_RECORD SET_
• • • • • • •

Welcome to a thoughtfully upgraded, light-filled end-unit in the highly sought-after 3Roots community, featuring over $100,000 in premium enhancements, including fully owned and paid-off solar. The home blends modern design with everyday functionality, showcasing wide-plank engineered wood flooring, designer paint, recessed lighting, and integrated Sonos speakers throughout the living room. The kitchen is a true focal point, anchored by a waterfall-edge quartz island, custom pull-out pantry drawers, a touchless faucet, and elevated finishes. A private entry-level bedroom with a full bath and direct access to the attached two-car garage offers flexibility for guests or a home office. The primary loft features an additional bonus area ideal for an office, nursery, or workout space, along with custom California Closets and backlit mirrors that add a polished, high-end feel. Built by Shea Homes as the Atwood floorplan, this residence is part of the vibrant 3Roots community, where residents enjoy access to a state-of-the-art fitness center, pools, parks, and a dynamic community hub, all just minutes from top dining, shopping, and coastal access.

• • • • • • •

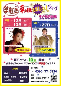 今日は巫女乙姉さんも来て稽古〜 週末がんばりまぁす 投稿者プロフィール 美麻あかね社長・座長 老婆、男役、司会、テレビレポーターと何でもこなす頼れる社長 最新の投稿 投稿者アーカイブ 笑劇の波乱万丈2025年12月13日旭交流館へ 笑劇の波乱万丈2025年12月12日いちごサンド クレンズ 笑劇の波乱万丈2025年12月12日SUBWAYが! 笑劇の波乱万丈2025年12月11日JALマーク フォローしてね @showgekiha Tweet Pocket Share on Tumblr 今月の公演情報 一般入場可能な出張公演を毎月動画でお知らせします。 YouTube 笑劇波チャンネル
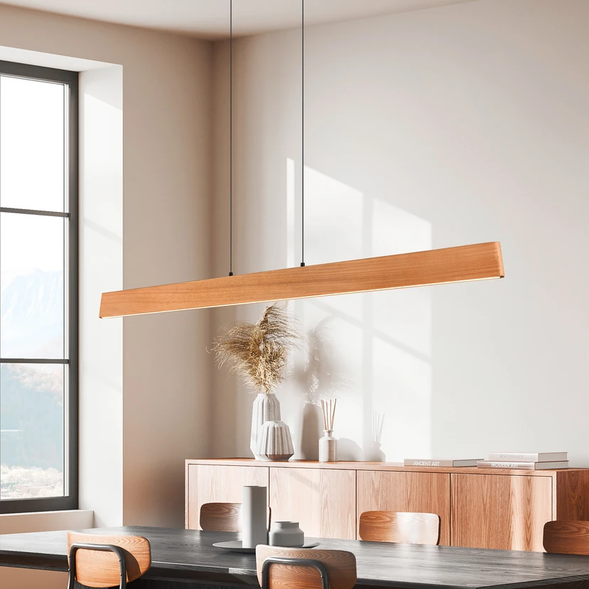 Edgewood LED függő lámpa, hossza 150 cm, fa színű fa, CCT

• • • • • • •

_WORK TO COMPLETE_
Exact copy, pictures excluded: every line above from the one containing "今日は巫女乙姉さんも来て稽古〜 週末がんばりまぁす 投稿者プロフィール" to the one containing "Edgewood LED függő", inclusive, and nothing more.

_SOLUTION FOR THIS TASK_
 今日は巫女乙姉さんも来て稽古〜 週末がんばりまぁす 投稿者プロフィール 美麻あかね社長・座長 老婆、男役、司会、テレビレポーターと何でもこなす頼れる社長 最新の投稿 投稿者アーカイブ 笑劇の波乱万丈2025年12月13日旭交流館へ 笑劇の波乱万丈2025年12月12日いちごサンド クレンズ 笑劇の波乱万丈2025年12月12日SUBWAYが! 笑劇の波乱万丈2025年12月11日JALマーク フォローしてね @showgekiha Tweet Pocket Share on Tumblr 今月の公演情報 一般入場可能な出張公演を毎月動画でお知らせします。 YouTube 笑劇波チャンネル
 Edgewood LED függő lámpa, hossza 150 cm, fa színű fa, CCT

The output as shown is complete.